**EXTRACTED DATA**
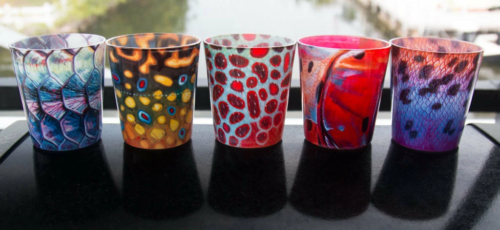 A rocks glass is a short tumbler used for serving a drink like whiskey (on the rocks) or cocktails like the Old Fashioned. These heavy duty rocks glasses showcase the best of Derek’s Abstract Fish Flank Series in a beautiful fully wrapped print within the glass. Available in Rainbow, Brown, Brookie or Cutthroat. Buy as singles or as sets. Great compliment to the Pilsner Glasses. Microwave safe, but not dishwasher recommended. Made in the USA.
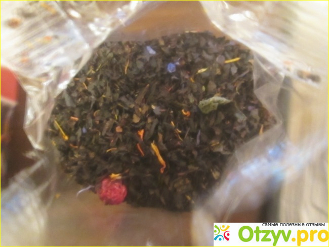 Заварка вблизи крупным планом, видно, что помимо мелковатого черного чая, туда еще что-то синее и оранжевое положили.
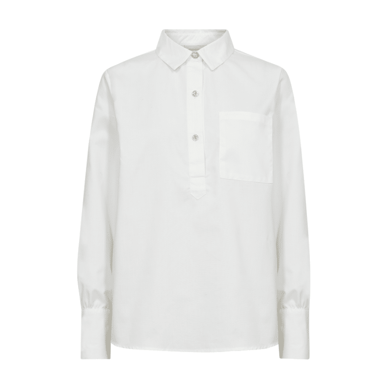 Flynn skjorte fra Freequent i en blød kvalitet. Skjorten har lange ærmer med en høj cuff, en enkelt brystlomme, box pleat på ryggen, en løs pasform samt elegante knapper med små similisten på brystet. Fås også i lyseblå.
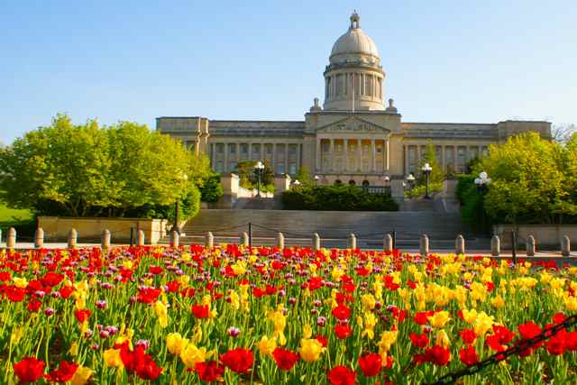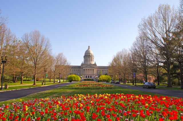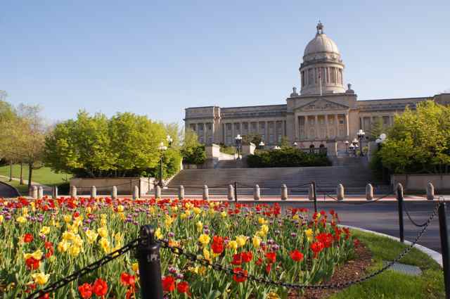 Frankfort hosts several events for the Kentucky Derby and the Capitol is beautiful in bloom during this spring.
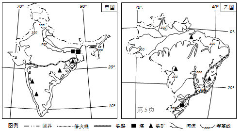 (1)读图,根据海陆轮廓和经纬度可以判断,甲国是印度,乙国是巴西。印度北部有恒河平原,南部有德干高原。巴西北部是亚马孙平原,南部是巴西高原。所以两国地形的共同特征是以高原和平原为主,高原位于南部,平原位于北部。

==

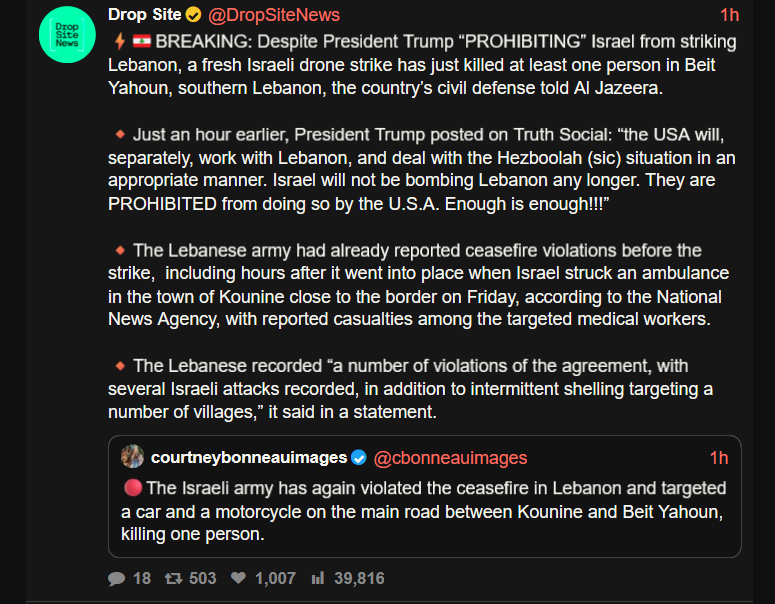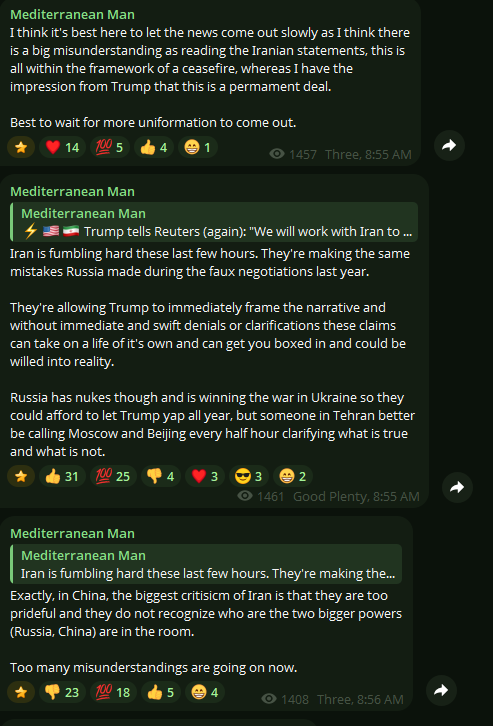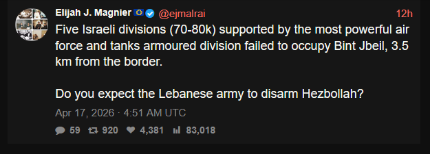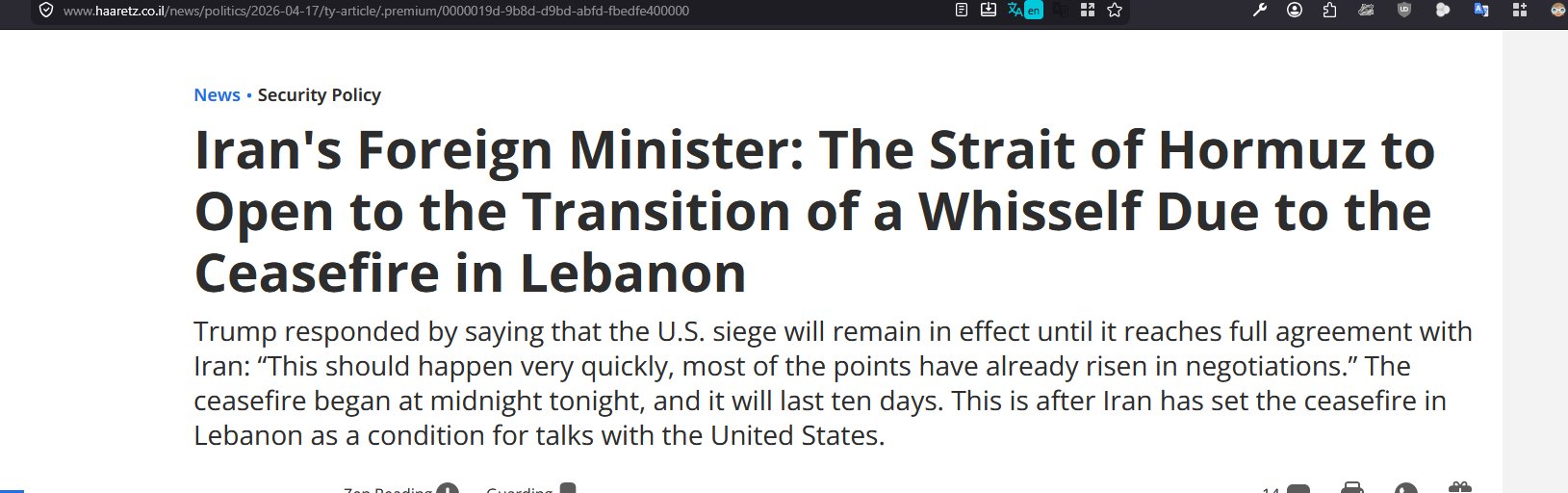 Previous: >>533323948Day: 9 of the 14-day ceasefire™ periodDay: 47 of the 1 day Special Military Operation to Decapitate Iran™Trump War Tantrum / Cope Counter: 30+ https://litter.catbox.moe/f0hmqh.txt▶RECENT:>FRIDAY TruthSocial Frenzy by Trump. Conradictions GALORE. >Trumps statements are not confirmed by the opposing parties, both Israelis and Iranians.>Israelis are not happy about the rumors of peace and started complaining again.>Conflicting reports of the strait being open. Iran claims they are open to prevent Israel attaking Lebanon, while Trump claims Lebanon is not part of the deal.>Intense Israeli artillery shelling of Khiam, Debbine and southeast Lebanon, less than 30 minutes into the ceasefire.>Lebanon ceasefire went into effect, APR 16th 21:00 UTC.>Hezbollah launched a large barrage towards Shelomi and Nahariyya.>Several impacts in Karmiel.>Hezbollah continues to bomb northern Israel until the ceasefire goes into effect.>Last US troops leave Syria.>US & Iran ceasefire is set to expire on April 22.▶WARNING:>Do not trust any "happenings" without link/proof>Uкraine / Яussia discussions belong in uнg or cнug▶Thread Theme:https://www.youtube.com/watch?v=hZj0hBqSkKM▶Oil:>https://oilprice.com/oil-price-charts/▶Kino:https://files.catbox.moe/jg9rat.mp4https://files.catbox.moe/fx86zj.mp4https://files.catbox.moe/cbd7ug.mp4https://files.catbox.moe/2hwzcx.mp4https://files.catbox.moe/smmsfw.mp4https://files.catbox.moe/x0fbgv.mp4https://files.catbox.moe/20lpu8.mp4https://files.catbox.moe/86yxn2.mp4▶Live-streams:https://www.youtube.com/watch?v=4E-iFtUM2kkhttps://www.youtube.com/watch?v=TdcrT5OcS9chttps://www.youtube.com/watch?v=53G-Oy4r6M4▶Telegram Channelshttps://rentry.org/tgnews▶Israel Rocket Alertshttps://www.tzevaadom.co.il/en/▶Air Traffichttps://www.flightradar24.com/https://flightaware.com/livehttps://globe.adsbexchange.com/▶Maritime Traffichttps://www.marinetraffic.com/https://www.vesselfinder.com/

**WORK REQUEST**
Only one part of the listing is wanted: the lines from the one containing "A rocks glass" through the one containing "Заварка вблизи крупным", both included. Please transcribe it exactly, leaving out the pictures.

**OUTPUT**
 A rocks glass is a short tumbler used for serving a drink like whiskey (on the rocks) or cocktails like the Old Fashioned. These heavy duty rocks glasses showcase the best of Derek’s Abstract Fish Flank Series in a beautiful fully wrapped print within the glass. Available in Rainbow, Brown, Brookie or Cutthroat. Buy as singles or as sets. Great compliment to the Pilsner Glasses. Microwave safe, but not dishwasher recommended. Made in the USA.
 Заварка вблизи крупным планом, видно, что помимо мелковатого черного чая, туда еще что-то синее и оранжевое положили.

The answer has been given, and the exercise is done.